I'm thinking of implementing a project which would require quite a lot of data to be transferred to shift registers and I'm thinking what the limitations in performance I could expect from Arduino to plan the project properly. Instead of using digitalWrite() that sets the state of pins individually my understanding is that I can write the state directly to PORTA/B/C/D global variables, which sets the state of 8 pins in each port at once. If I understood correctly, memory write on ATMega takes 2 cycles, so at 16MHz that would mean I can change the state of 8 pins at 8MHz, is that right?

Thanks, Jarkko

Grumpy_Mike

Well you can write at that rate but you have to do something else like fetch the data and that will slow you down.
For transferring data to a shift register look at using the SPI interface, I think that will run at 1MHz

Graynomad

Quote
change the state of 8 pins at 8MHz, is that right?

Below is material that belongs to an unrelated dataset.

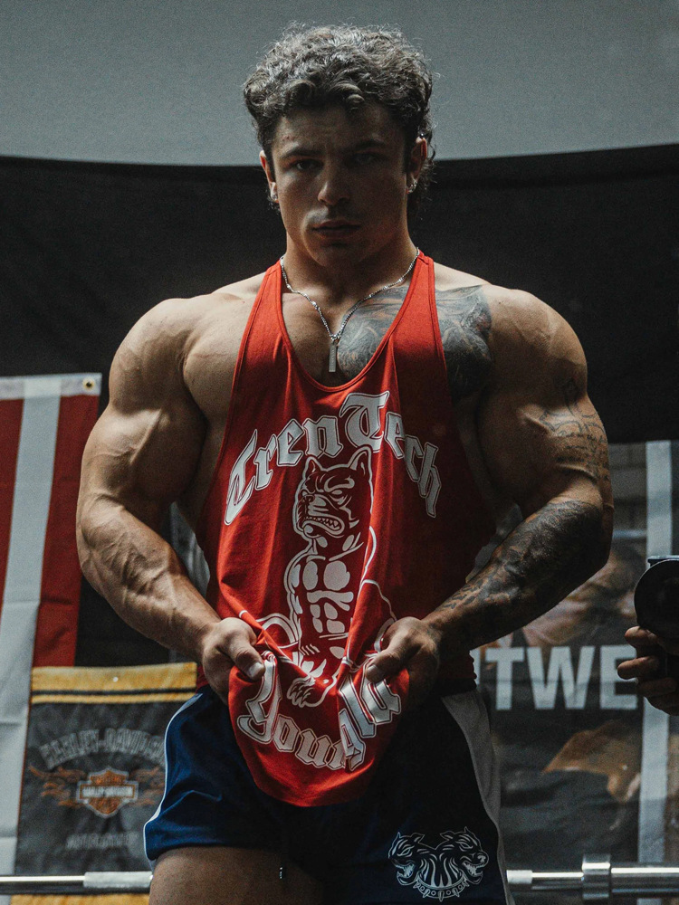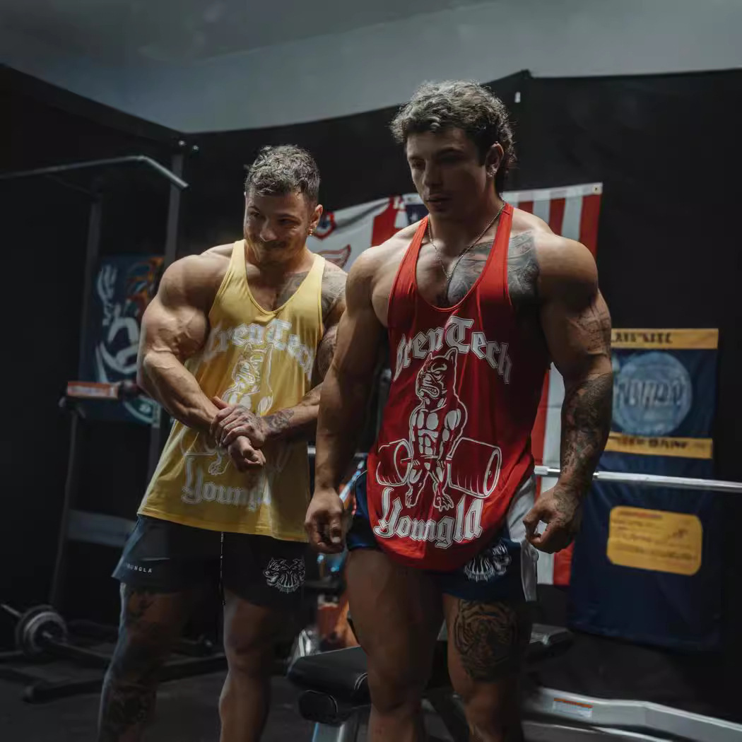 YOUNGLA 미국 뉴 남성 I 자형 조끼 스포츠 피트니스 허들 민소매 코튼 루즈 러닝 웨이스트 코트

Only if the writes are inline, if you have a loop you have to add the JMP time.

Also you can use the IN and OUT instructions I would assume, they work in 1 cycle.

But you are getting data from somewhere and having to shift the bits etc, that will slow things down again.

Depending on the nature of the transfers you can organise the data in RAM such that all the clocking and data information is decoded into an array, then blat that array as fast as possible to a port.

Is there any reason for not using the SPI hardware?

______
Rob
Rob Gray aka the GRAYnomad www.robgray.com

CrossRoads

SPI is quickest - 8 MHz clock, can send out a byte about every 1 uS if you do it right.
This test spat out 41 bytes in 46uS I think, 58uS for the loop, pulling data from an array to send out.
Designing & building electrical circuits for over 25 years.  Screw Shield for Mega/Due/Uno,  Bobuino with ATMega1284P, & other '328P & '1284P creations & offerings at  my website.

Nick Gammon


I'm thinking of implementing a project which would require quite a lot of data to be transferred to shift registers


Read this post about clocking out pixel data to a VGA monitor:

http://www.gammon.com.au/forum/?id=11608

I don't think you can get much faster than that. Using SPI (a shift register, effectively) it clocks out one bit every two clock cycles (ie. every 125 nS), however there is a one clock cycle gap between bytes.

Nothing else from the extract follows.